• Records provided:
>>

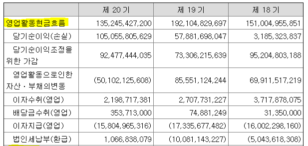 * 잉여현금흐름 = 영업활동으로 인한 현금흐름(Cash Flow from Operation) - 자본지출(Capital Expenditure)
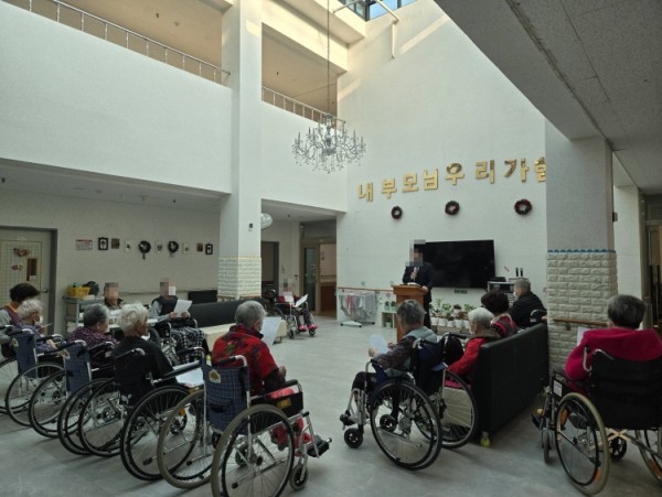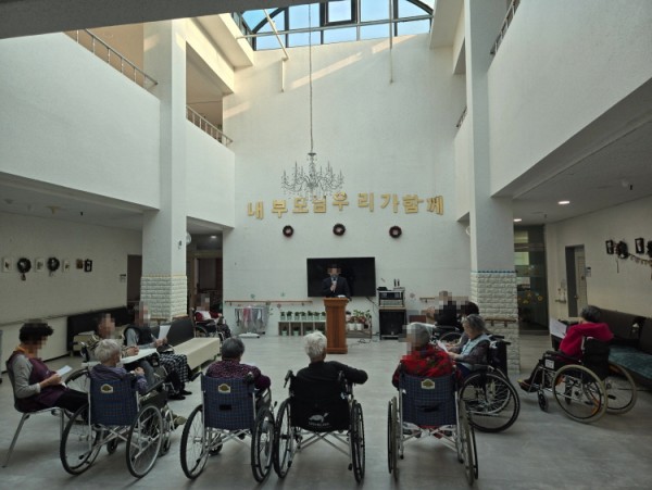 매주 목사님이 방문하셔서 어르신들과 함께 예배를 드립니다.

<<
>>

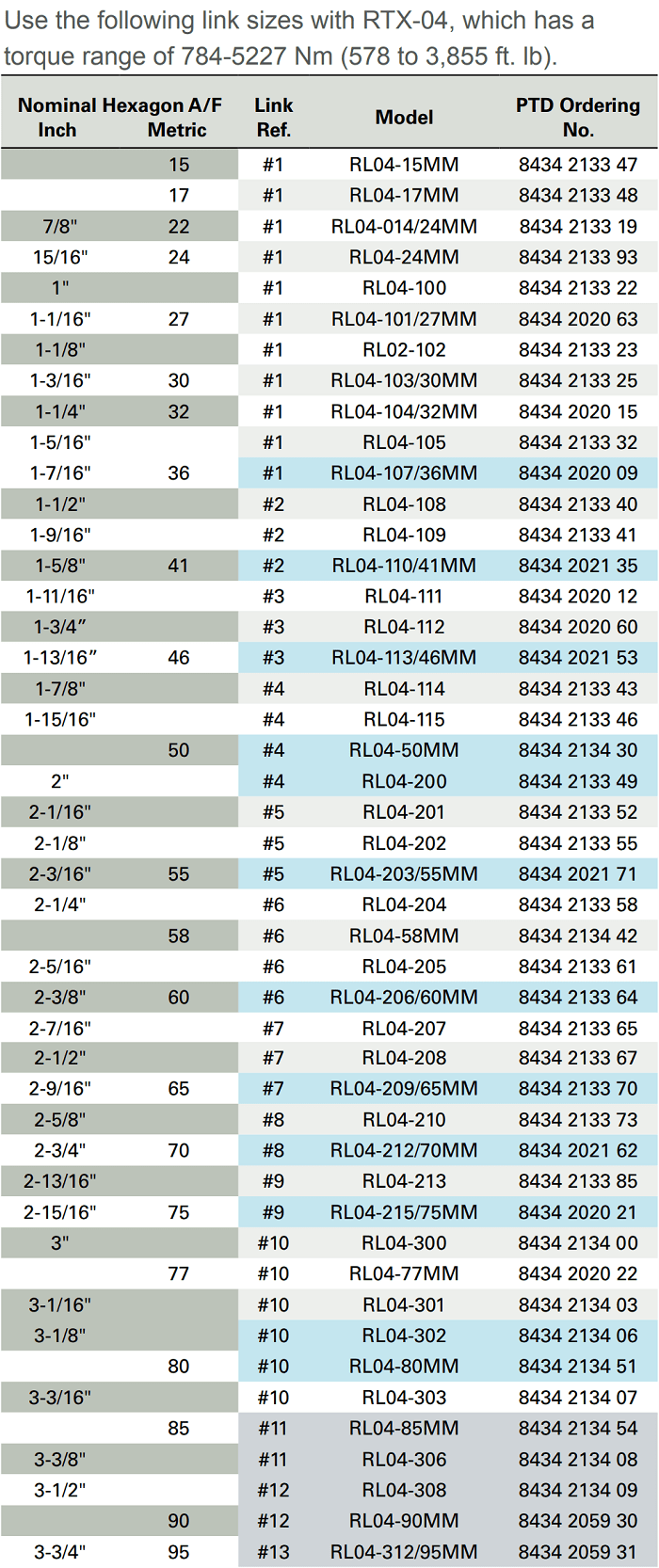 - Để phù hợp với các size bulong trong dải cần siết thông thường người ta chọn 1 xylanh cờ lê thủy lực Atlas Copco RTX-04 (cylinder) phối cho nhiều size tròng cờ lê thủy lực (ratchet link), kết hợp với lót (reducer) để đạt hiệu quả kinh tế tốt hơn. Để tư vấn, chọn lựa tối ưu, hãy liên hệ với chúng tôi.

<<

Everything between and including the line above containing "- 자본지출(Capital Expenditure)" and the line containing "매주 목사님이 방문하셔서 어르신들과 함께 예배를 드립니다." should be reproduced exactly, with pictures excluded.

• Exercise output:
 * 잉여현금흐름 = 영업활동으로 인한 현금흐름(Cash Flow from Operation) - 자본지출(Capital Expenditure)
 매주 목사님이 방문하셔서 어르신들과 함께 예배를 드립니다.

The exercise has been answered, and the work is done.